Problem statement: All pictures must be left out as you transcribe the lines from the first line of the data to the line containing "Bordo süet biker", both included.

Input material below:

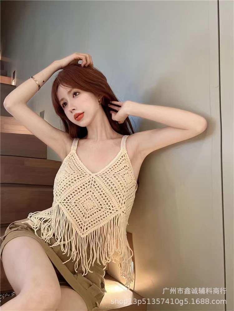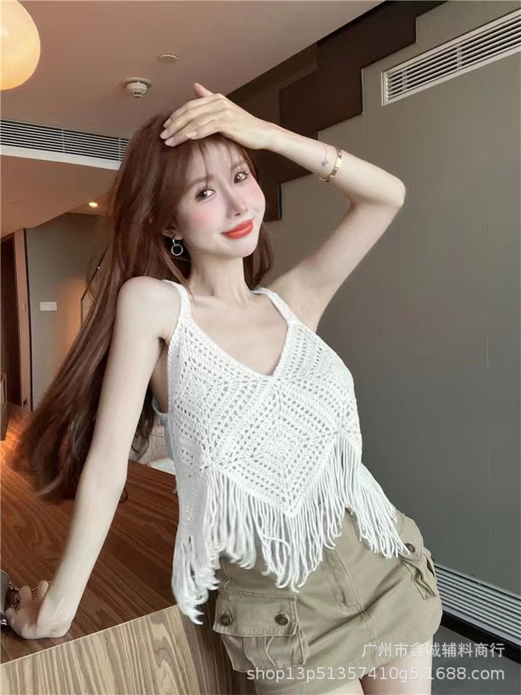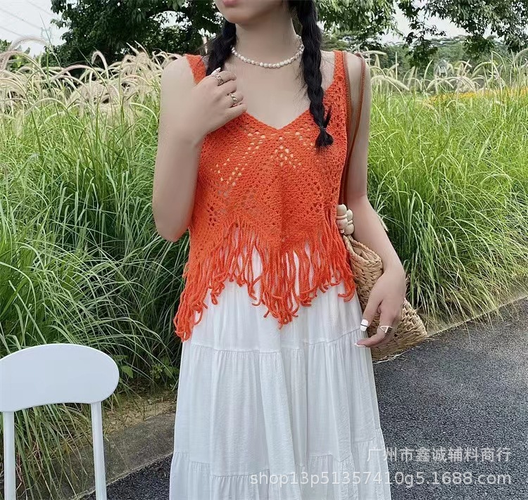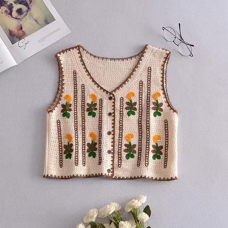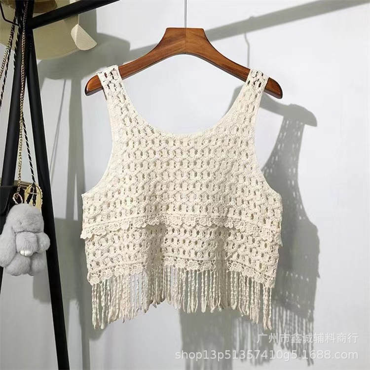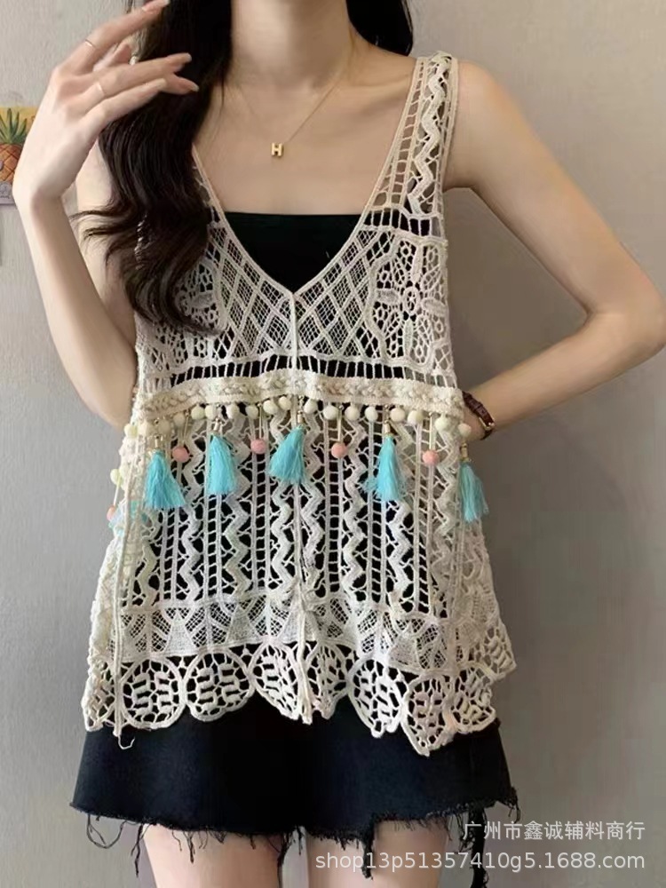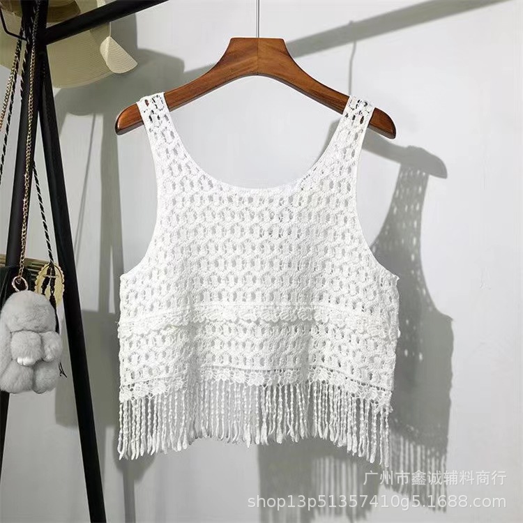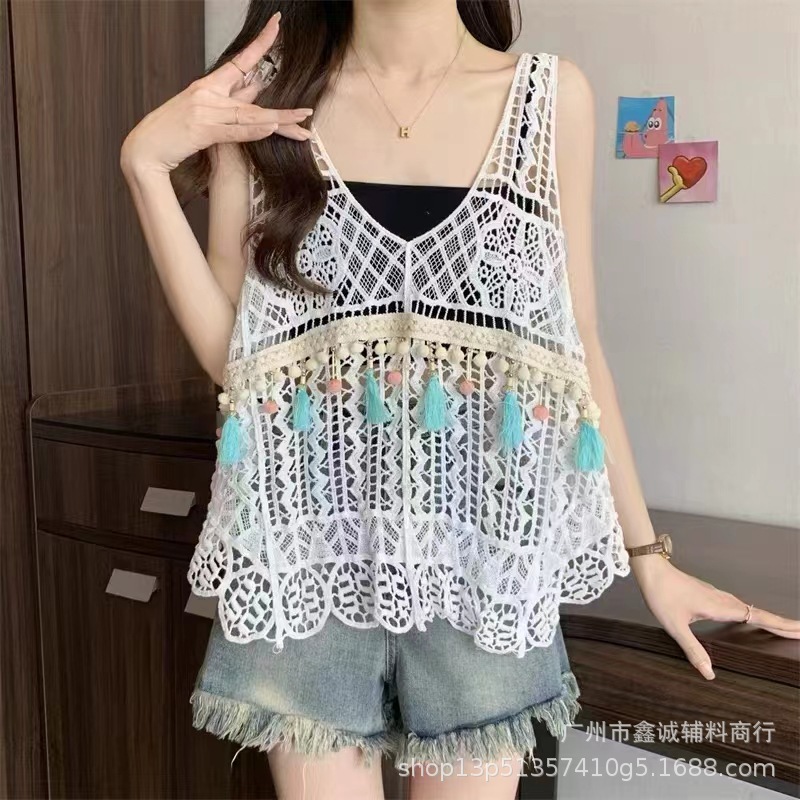 새로운 한국식 중공 크로 셰 뜨개질 민소매 니트 조끼 여성의 디자인 감각 틈새 문학 레트로 스택 외부 조끼스토어 가기
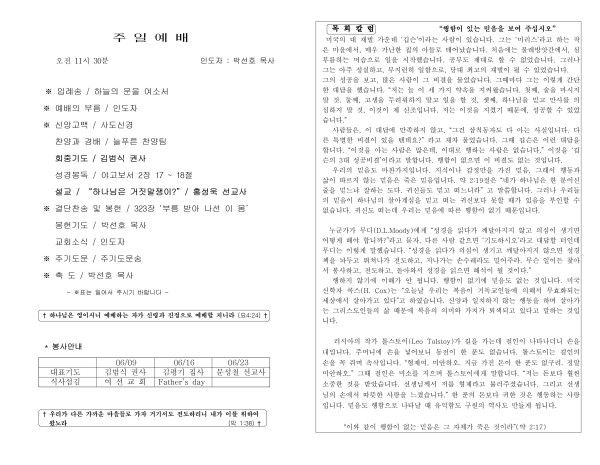 20240609 교회 주보 페이지 정보 작성자 늘푸른교회 댓글 0건 조회 1,602회 작성일 24-06-08 19:33 목록 본문 교회 주보 이전글20240616 교회 주보 24.06.15 다음글20240602 교회 주보 24.06.01 댓글 0 댓글목록 등록된 댓글이 없습니다. 목록
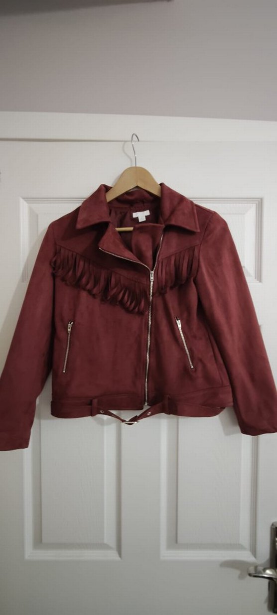 Bordo süet biker ceket, kesik yaka, uzun kollu ve kemerli bel detayına sahiptir. İnce kesim midi boy ve baskılı püskül detaylarıyla dikkat çeker.
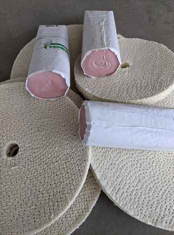 Utiliser notre pâte rose, la 505, avec nos disques en sisal coton. Cette dernière, va vous permettre d’enlever les micros rayures. Il faut bien imprégner le disque de pâtes pour éviter que celui-ci parte en lambeaux lorsque vous allez commencer.
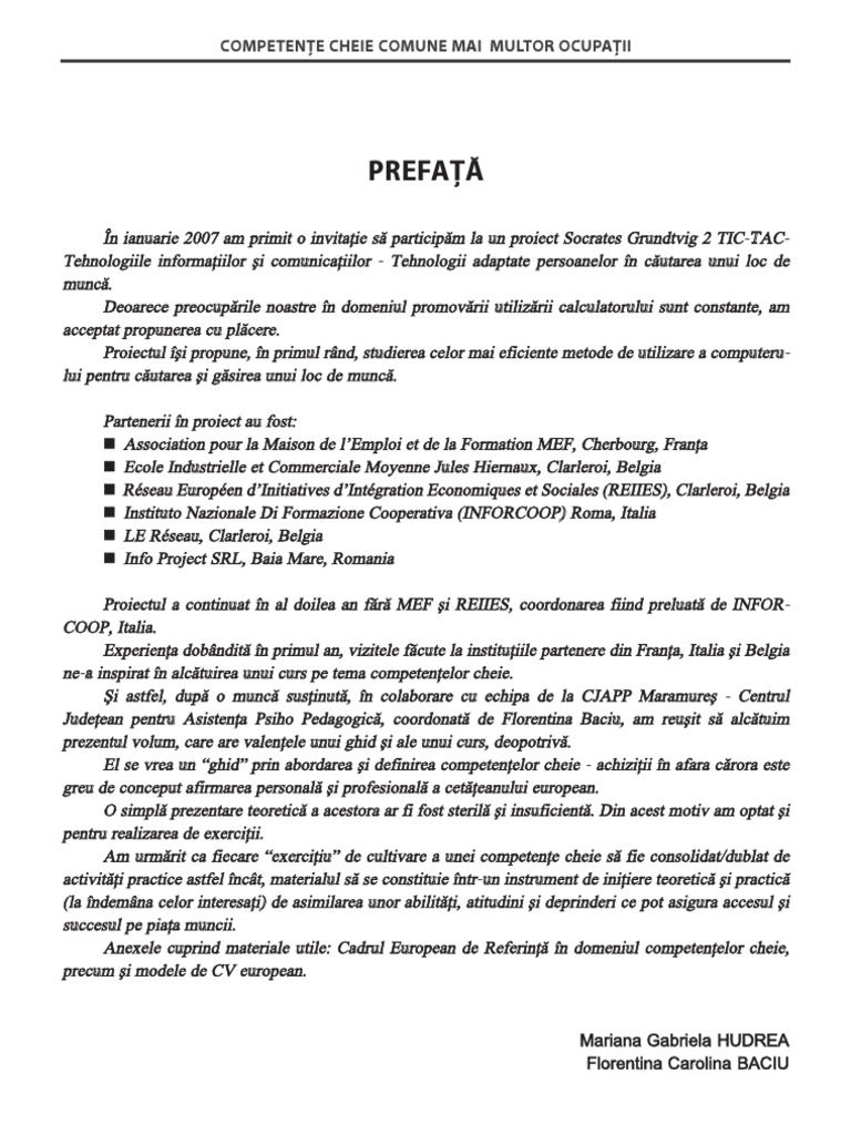 n ianuarie 2007 am primit o invitaie s participm la un proiect Socrates Grundtvig 2 TIC-TACu u T Tehnologiile informaiilor i comunicaiilor - Tehnologii adaptate persoanelor n cutarea unui loc de u u u munc. u Deoarece preocuprile noastre n domeniul promovrii utilizrii calculatorului sunt constante, am u u u uu u acceptat propunerea cu plcere. u u Proiectul i propune, n primul rnd, studierea celor mai eficiente metode de utilizare a computeruu u u u u u lui pentru cutarea i gsirea unui loc de munc. u u u u u Partenerii n proiect au fost: u Association pour la Maison de lEmploi et de la Formation MEF, Cherbourg, Frana u u Ecole Industrielle et Commerciale Moyenne Jules Hiernaux, Clarleroi, Belgia u u u Rseau Europen dInitiatives dIntgration Economiques et Sociales (REIIES), Clarleroi, Belgia u u u ) Instituto Nazionale Di Formazione Cooperativa (INFORCOOP) Roma, Italia u ) LE Rseau, Clarleroi, Belgia u Info Project SRL, Baia Mare, Romania u Proiectul a continuat n al doilea an fr MEF i REIIES, coordonarea fiind preluat de INFORu u COOP, Italia. Experiena dobndit n primul an, vizitele fcute la instituiile partenere din Frana, Italia i Belgia u u u ne-a inspirat n alctuirea unui curs pe tema competenelor cheie. a u u u i astfel, dup o munc susinut, n colaborare cu echipa de la CJAPP Maramure - Centrul u u u u u u u Judeean pentru Asistena Psiho Pedagogic, coordonat de Florentina Baciu, am reuit s alctuim u u u u u prezentul volum, care are valenele unui ghid i ale unui curs, deopotriv. u u u u u El se vrea un ghid prin abordarea i definirea competenelor cheie - achiziii n afara crora este greu de conceput afirmarea personal i profesional a ceteanului european. u u uu u u O simpl prezentare teoretic a acestora ar fi fost steril i insuficient. Din acest motiv am optat i pentru realizarea de exerciii. u Am urmrit ca fiecare exerciiu de cultivare a unei competene cheie s fie consolidat/dublat de u u u activiti practice astfel nct, materialul s se constituie ntr-un instrument de iniiere teoretic i practic u u u u (la ndemna celor interesai) de asimilarea unor abiliti, atitudini i deprinderi ce pot asigura accesul i ) u u u succesul pe piaa muncii. u u u Anexele cuprind materiale utile: Cadrul European de Referin n domeniul competenelor cheie, u u u u precum i modele de CV european. u u
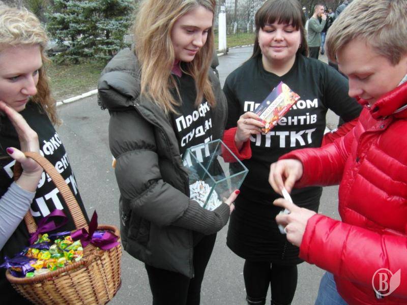 Студенти Чернігівського технікум транспорту та комп’ютерних технологій могли обміняти цигарки на цукерки минулого четверга, у Міжнародний день відмови від куріння (No Smoking Day).
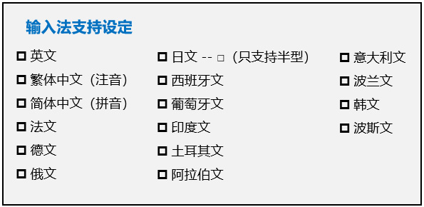 | 软件功能 | 多语输入 |
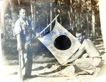 Rapmund na zijn expeditie met een op de Japanners buitgemaakte vlag.
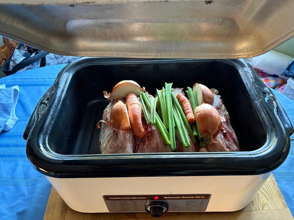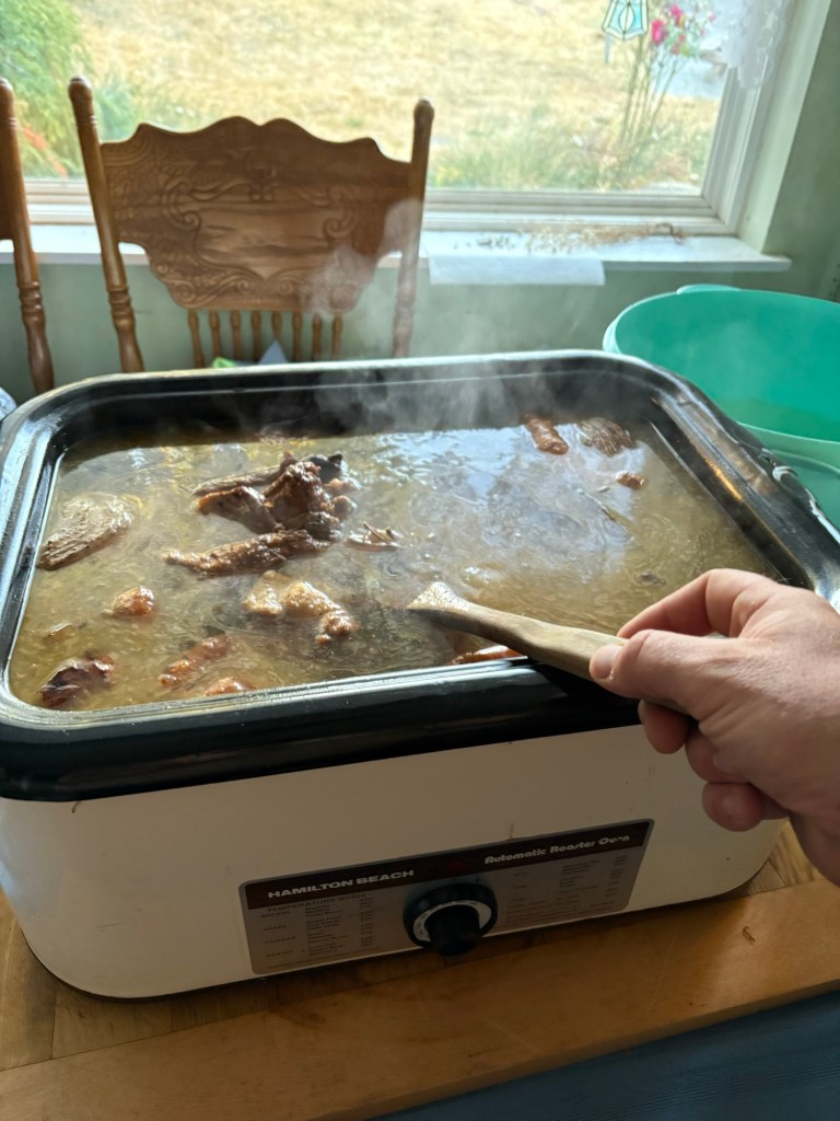 Then added water with a dash of vinegar and some salt, and set it to simmering. We kept an eye on it for a couple of days, topping it up as the water steamed off. You do not want the water to boil off.
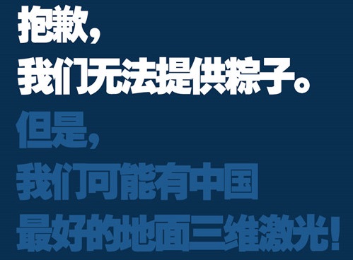 由于我们专注于三维激光领域,忽略了民生家常,无法给您提供鲜美可口的粽子,对此,我们深感抱歉。在此,谨代表海达数云全体员工向您表示最诚挚的歉意。

End of Input material.

Response to the exercise:
 새로운 한국식 중공 크로 셰 뜨개질 민소매 니트 조끼 여성의 디자인 감각 틈새 문학 레트로 스택 외부 조끼스토어 가기
 20240609 교회 주보 페이지 정보 작성자 늘푸른교회 댓글 0건 조회 1,602회 작성일 24-06-08 19:33 목록 본문 교회 주보 이전글20240616 교회 주보 24.06.15 다음글20240602 교회 주보 24.06.01 댓글 0 댓글목록 등록된 댓글이 없습니다. 목록
 Bordo süet biker ceket, kesik yaka, uzun kollu ve kemerli bel detayına sahiptir. İnce kesim midi boy ve baskılı püskül detaylarıyla dikkat çeker.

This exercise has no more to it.